Republicans should be ready with proposals that will help health care ultimately become a normal market, where patients are in charge, not such third-party payers as health insurers, Medicare and Medicaid. Currently, the patient isn’t the “customer,” which is why so many thousands of them die unnecessarily from infections received at hospitals or from medical errors. The current system works to make the patient as passive as possible. A consumer revolution won’t be achieved overnight, but several ideas will help.

– Nationwide shopping for health insurance. Bust up the Balkanized, state-by-state arrangement we have today. We’re one country, after all. There’s no reason that a resident of, say, New Jersey shouldn’t be allowed to buy a policy offered in Wisconsin. Let scores of companies compete for your business instead of the handful you now have.

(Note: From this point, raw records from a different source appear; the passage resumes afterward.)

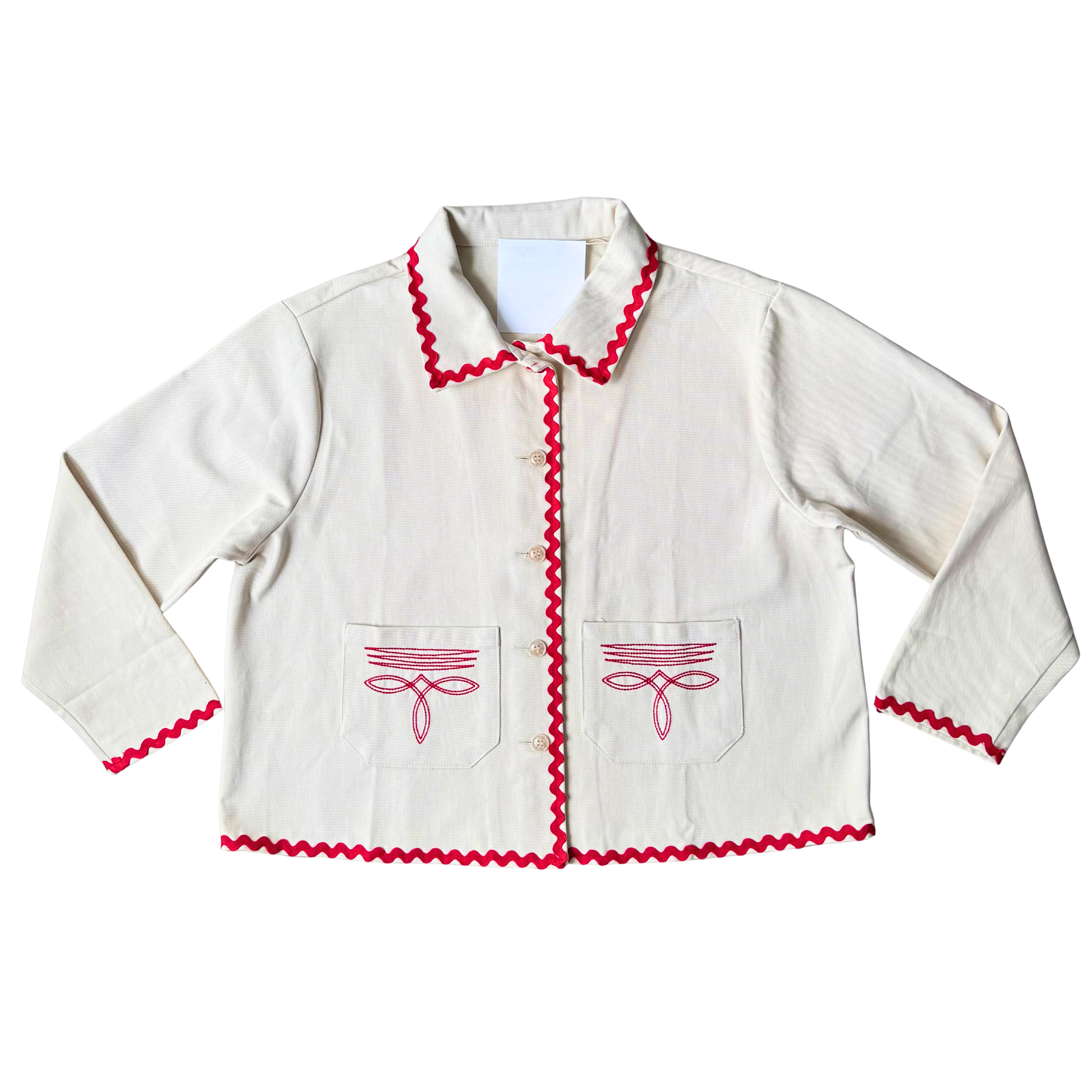 Cream button-up jacket with bold red rickrack trimming along the collar, front, cuffs, and hem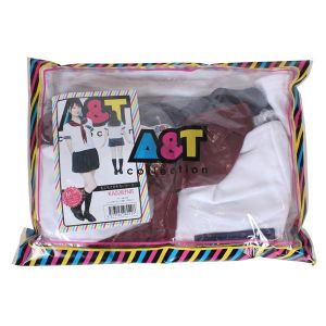 お洋服は、身体にピッタリフィットするストレッチ素材の身頃。短めのためガーリーで、セーラーカラーは曲線を描いて、あの昔を思い出させる。淡いピンクのチェックで、可愛らしさ倍増。スカートは、マジックテープで留めるラップタイプ。ネクタイも長さを調整でき、とっても便利!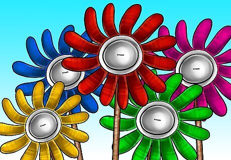 Consider attaching the flowers to garden canes. To give the flower a stem, you can attach it to a garden cane. Punch two holes in the center of the flower and run a bit of wire through the holes. Loop the wire around the garden cane and secure it to the back of the cane.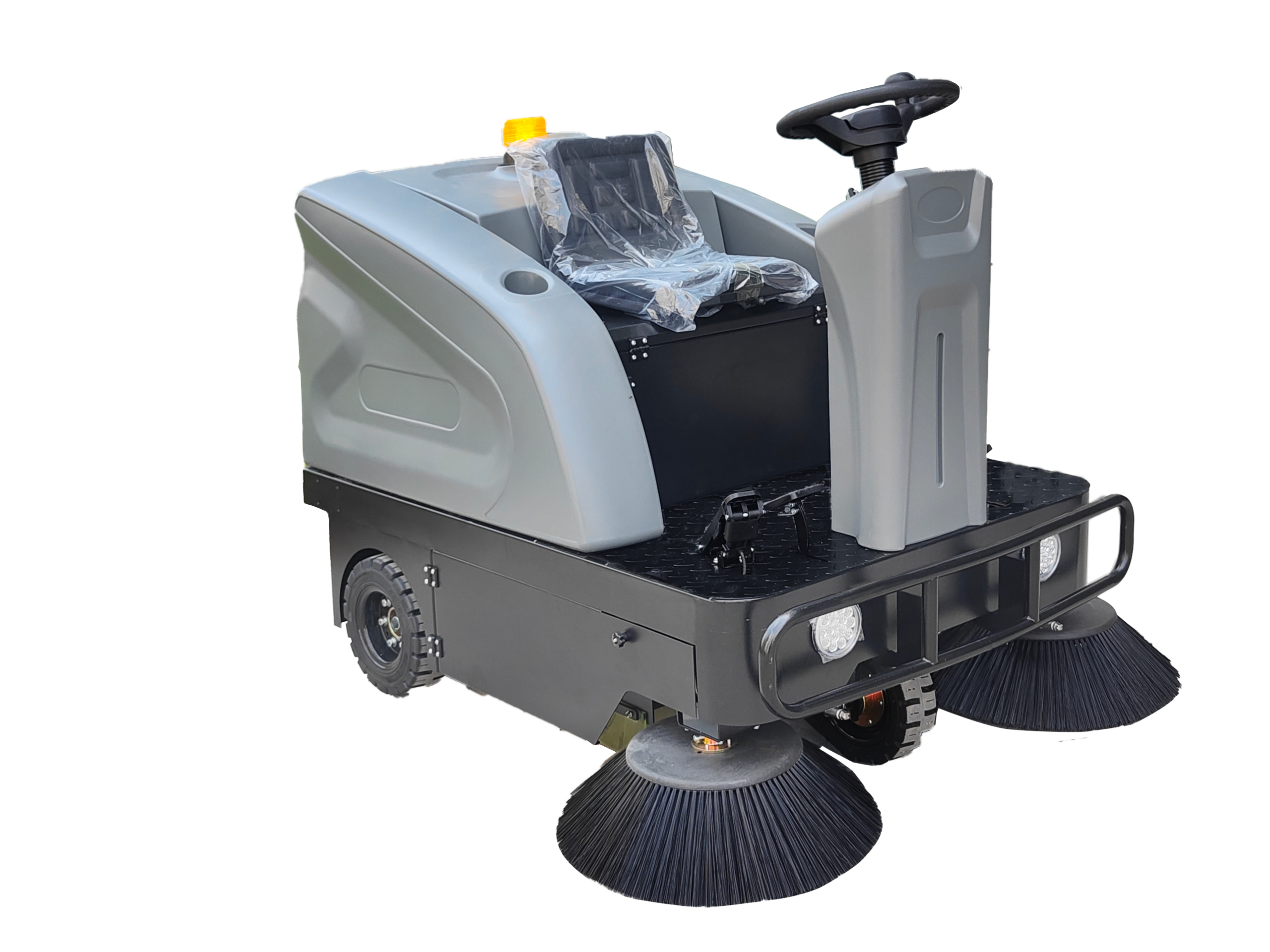 The Ride-on Sweeper SMITH JB1350 stands out for its exceptional cleaning performance, with a cleaning efficiency of 8000㎡/h, making it a top choice for industrial and commercial cleaning needs. This high efficiency ensures that large spaces such as warehouses, parking lots, and factory floors are cleaned swiftly and thoroughly. Equipped with a powerful 48V/2200W power unit and a robust 1200W driving motor, the SMITH JB1350 can tackle heavy-duty tasks effortlessly. Its 1350mm sweeping width, complemented by dual 500mm side brushes, ensures comprehensive cleaning, covering every inch of the cleaning area. Whether dealing with stubborn debris or fine dust, this sweeper’s advanced suction and rolling brush system, powered by a 700W rolling brush motor, guarantees excellent results, even in demanding environments.

– Transparency for prices. Require hospitals and clinics to post their prices for all treatments, medications and services. The disparity in pricing can be astonishing. …

… – Transparency of performance. Require hospitals to post monthly statements on how many patients died from infections contracted after they were admitted.

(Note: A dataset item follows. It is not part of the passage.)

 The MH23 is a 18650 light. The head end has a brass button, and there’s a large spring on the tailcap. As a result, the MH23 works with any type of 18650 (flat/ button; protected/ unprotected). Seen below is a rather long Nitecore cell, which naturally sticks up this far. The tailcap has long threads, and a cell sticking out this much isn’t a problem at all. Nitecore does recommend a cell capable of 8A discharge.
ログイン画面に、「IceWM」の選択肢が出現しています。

– Medicare transparency. Reveal each year what Medicare recipients–hospitals, clinics, practitioners–receive in payments from the Medicare program. Such information would be hugely useful in ferreting out fraud, as suspicious patterns and practices would be quickly apparent.

– Equalized tax treatment. Employers and the self-employed can deduct their premiums. Individuals can’t, which can immediately put them at a huge disadvantage regarding the effective price they get for insurance.

– Freedom of choice. Let people choose their own policies, not be required to accept what bureaucrats think they should have.